Justice Access – The Magistrates’ Registry is the latest database created by the AIS organization promoting open data for Albania.

The Data Mining Magistrate’s Register is designed to increase access and public trust in the Critical Reform in the Judicial System.

At the invitation of the National Democratic Institute NDI Montenegro, this Civil Society Initiative for Improving Access, Control, and Public Trust in Justice was presented on December 8 at an International Learning Event focusing on the exchange of knowledge and experiences regarding the Open Government Partnership (OGP).

Project Director Aranita Brahaj explained how AIS has contributed by creating this essential instrument to improve public access, control, and trust in the Justice Reform and Justice Institutions, probing into the integrity of Magistrates after the Reform.

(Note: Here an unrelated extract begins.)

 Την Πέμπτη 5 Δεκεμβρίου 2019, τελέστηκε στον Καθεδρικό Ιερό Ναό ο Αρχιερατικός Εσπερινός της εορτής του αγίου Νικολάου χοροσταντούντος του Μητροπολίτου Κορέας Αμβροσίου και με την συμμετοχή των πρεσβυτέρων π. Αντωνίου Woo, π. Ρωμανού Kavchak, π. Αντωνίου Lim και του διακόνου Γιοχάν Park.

The Magistrates’ Registry involves creating a Passport with data and documents for each judge, prosecutor and justice official.

The information provides public access to familiarize themselves with the profile, integrity, career, performance, and aspects of professionalism, ensuring control over the integrity of the Magistrates.

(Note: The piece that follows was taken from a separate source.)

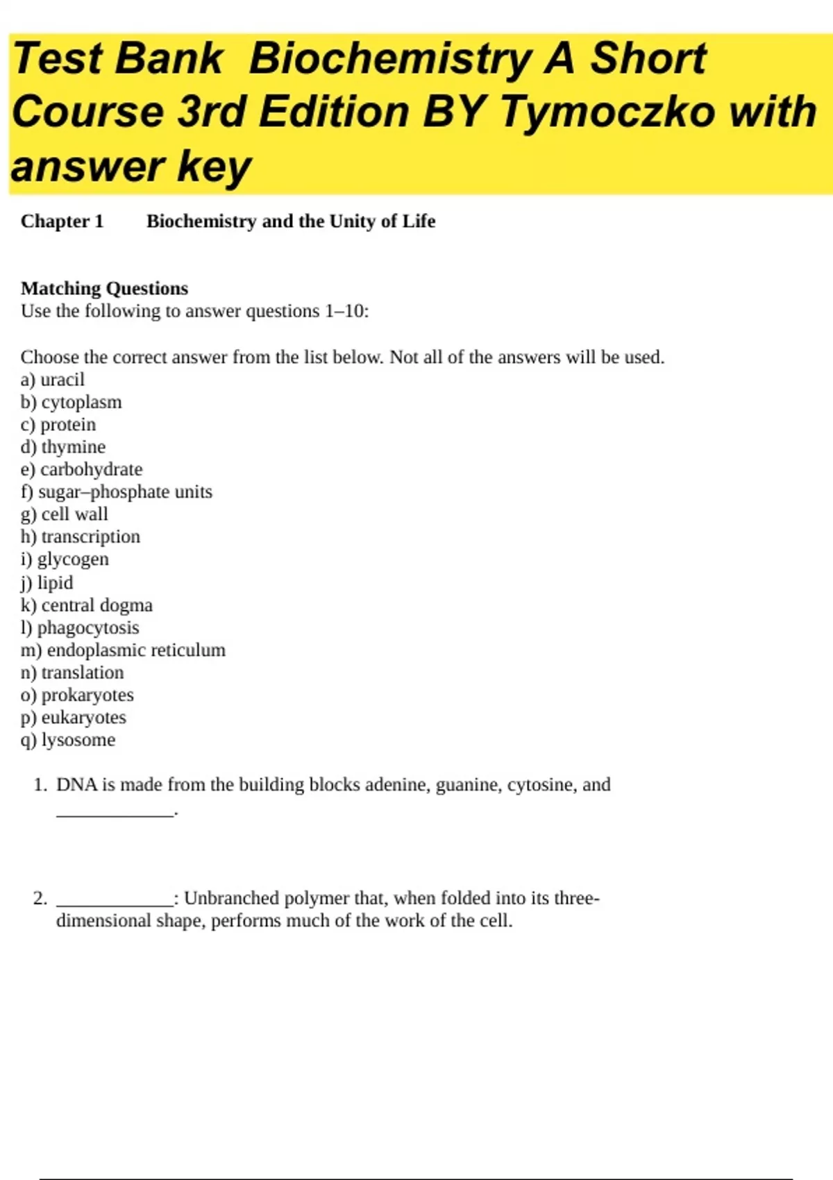 Biochemistry A Short Course 3rd Edition Tymoczko Test Bank

Similarly, profiles have been established for the new institutions of justice, where the catalogue displays all decisions and documents related to the institution and decision-making.

Every day, citizens click on the Passports of judges and prosecutors investigating corrupt affairs of high-ranking officials already under accusation. Beneficiaries of Enhanced Access to Magistrates’ and Justice Institutions’ Data and Documents include media representatives, justice system employees, academics, organizations, and the general public.

As part of the activities of this project, AIS has prepared a Policy Paper on Legal Regulations and Practices that the new institutions of justice have established regarding access. This policy document reviews current practices and provides conclusions and recommendations for the future.

The Magistrates’ Registry is an activity of the project with the financial support of the Commission for Democracy’s Small Grants Program in the US Embassy in Tirana. The opinions, findings, conclusions, and recommendations expressed are those of the authors and do not necessarily reflect those of the State Department.